Lastly, one of the biggest distinctions between trading and amateur gambling is money management. A professional trader won’t risk too much of their trading capital on any particular trade, while an amateur gambler may go “all in” on a bed, which of course is reckless.
How Can a Trader Turn the Odds in Their Favor?
The real question is, how can a trader recognize when the odds are in favor of a trade? Traders can use any or all of three methods to do this:
- Technical analysis – when the price of something is in a strong trend, it is more likely to keep moving in the direction of the trend than to reverse against the trend. Support and resistance levels can also act to make it more likely that the price will move more in one direction than in the other over the short term. Finally, when the price compresses into a relatively small range, it is likely to make a strong directional breakout when it finally leaves the range.
- Fundamental analysis – when economic data and central bank policies suggest that an asset is likely to strengthen, and another one weakens.

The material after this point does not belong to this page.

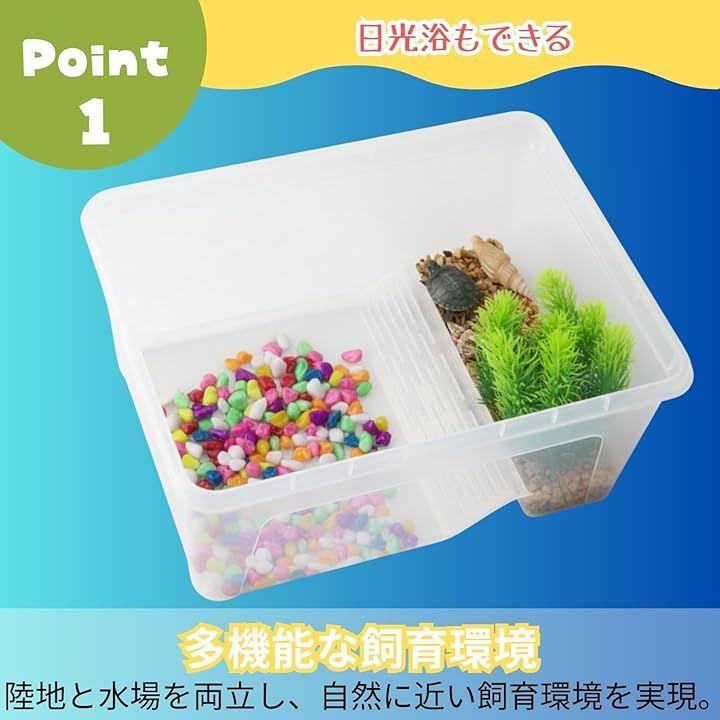 「多機能な飼育環境」 水場と陸地を分けられる設計で、カメが自然に近い環境で過ごせます。

- Market sentiment – when a market is dominated by fear or hope regarding certain assets, this sentiment can be exploited by trading in its direction, as long as it lasts.

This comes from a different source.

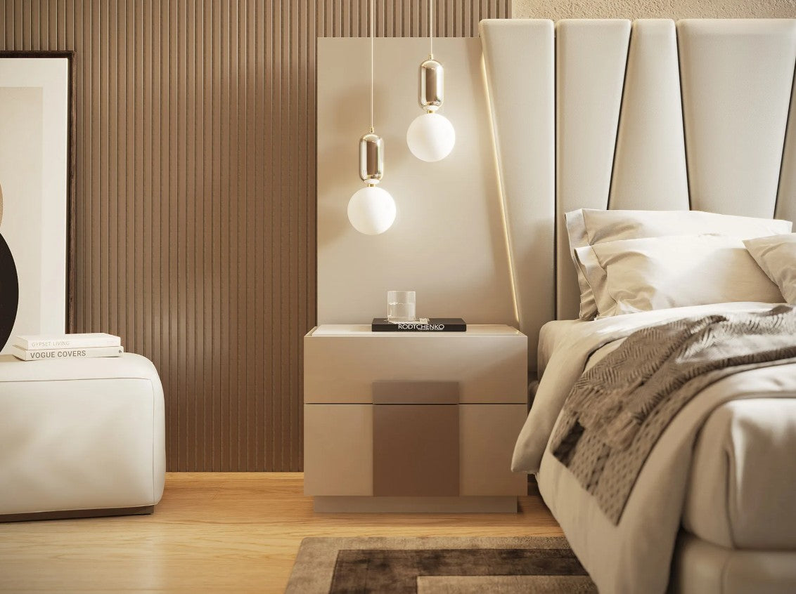 Mesa de Cabeceira branca com detalhes em metalizado terra. No seu tampo pode colocar o seu relógio, telemóvel ou um pequeno candeeiro. Nas suas duas gavetas poderá armazenar pequenas peças de roupa.

Why Do Some Still Consider Trading a Gamble?
For example, let’s say that someone says that trading is gambling because a lot of people lose money, and because the outcome of every trade is uncertain. If you then point out in response that the same can be said about investing in blue-chip stocks, you usually will not get an intelligent reply. People have been conditioned to think of “safe” investments for retirement with low risk, and they cling to this thinking because accepting that their retirement nest egg could go up in smoke is too painful to contemplate.
It is true that most retail Forex traders lose money over time. However, there is a significant minority that makes money over time. There are no gamblers that make money in the long run, except for professional poker players. These are not really gamblers because they count cards and use money management strategies based on mathematical models, the same way professional Forex traders do. There are professional Forex traders who make money every year over years and years, but no professional slot machine players who can do the same.

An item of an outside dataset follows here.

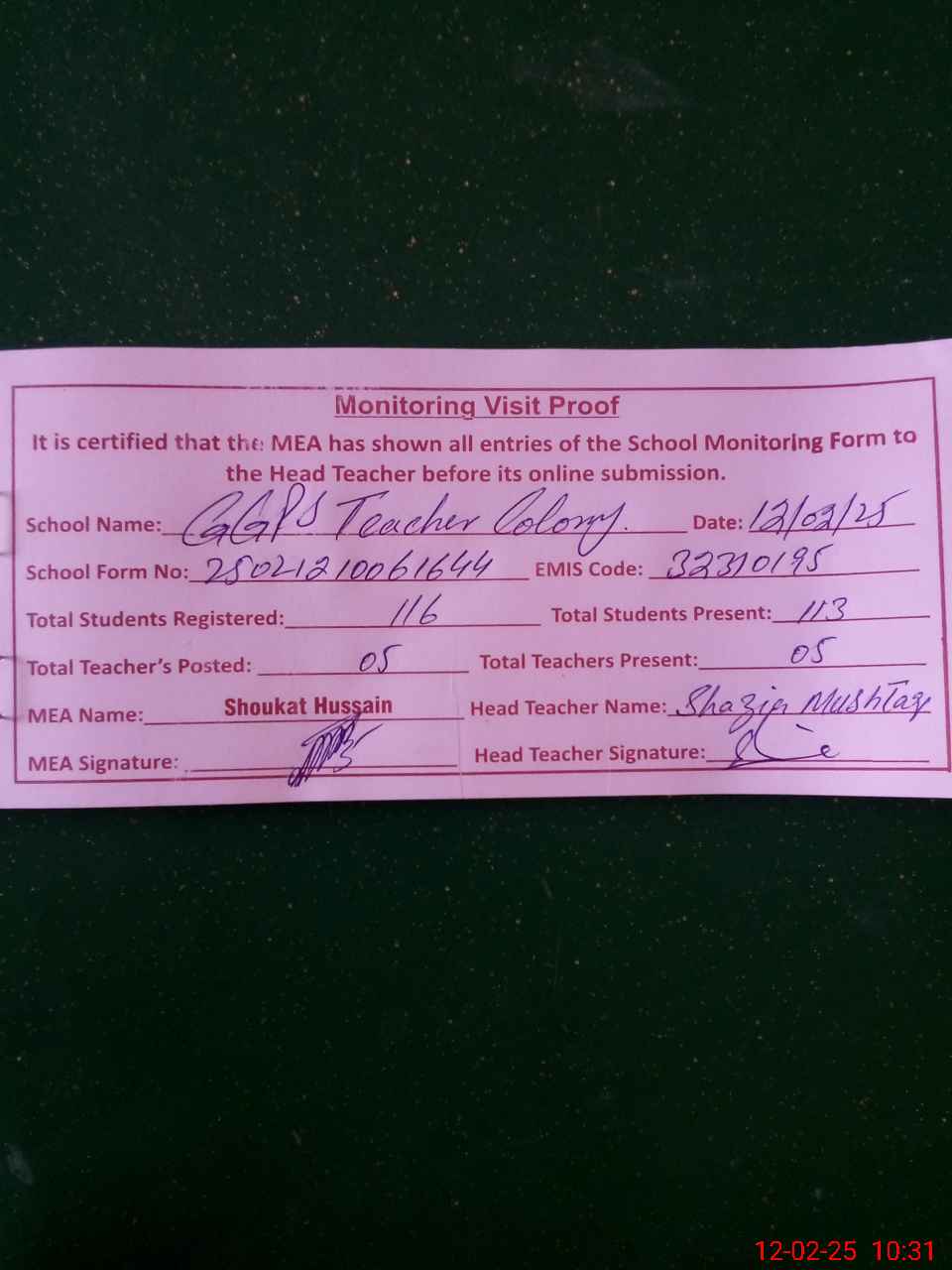 | Attendance Register | Head Teacher | MEA with School | Visit Proof |

The key to avoiding becoming a Forex gambler is to study various trading strategies, back test them over many years of historical price data and learn what works and what does not – and try to understand why.
Is Forex trading like gambling?
No, in the sense that in gambling the odds are slightly against you or even, while good Forex traders know how to trade when the odds are on their side. Yes, in the sense that any single trade might end in a loss.
Is Forex trading a game of luck?
Luck plays a role in Forex trading, as every trade is unpredictable to some extent. However, there are Forex traders whose performance over years is mathematically extremely unlikely to be wholly or even mostly attributable to luck.
What is the difference between Forex and gambling?
Intelligent Forex traders try to only take trades where the odds are in their favor. Gamblers, unless they are poker players, cannot do this as the odds are fixed against them.
Is Forex an addiction?
Some people are addicted to Forex trading. They should either seek help from gamblers anonymous or trade only with very small sums of money which they can afford to lose.
Are you a gambler or a trader?
You are a gambler if you trade without trying to trade only with the odds in your favor.
Why do people say Forex is gambling?
People say Forex is gambling partly because Forex has a high loss rate, and partly because they don’t understand that markets like Forex are not random all the time, nor that even conservative investing carries a great deal of uncertainty and the potential for loss.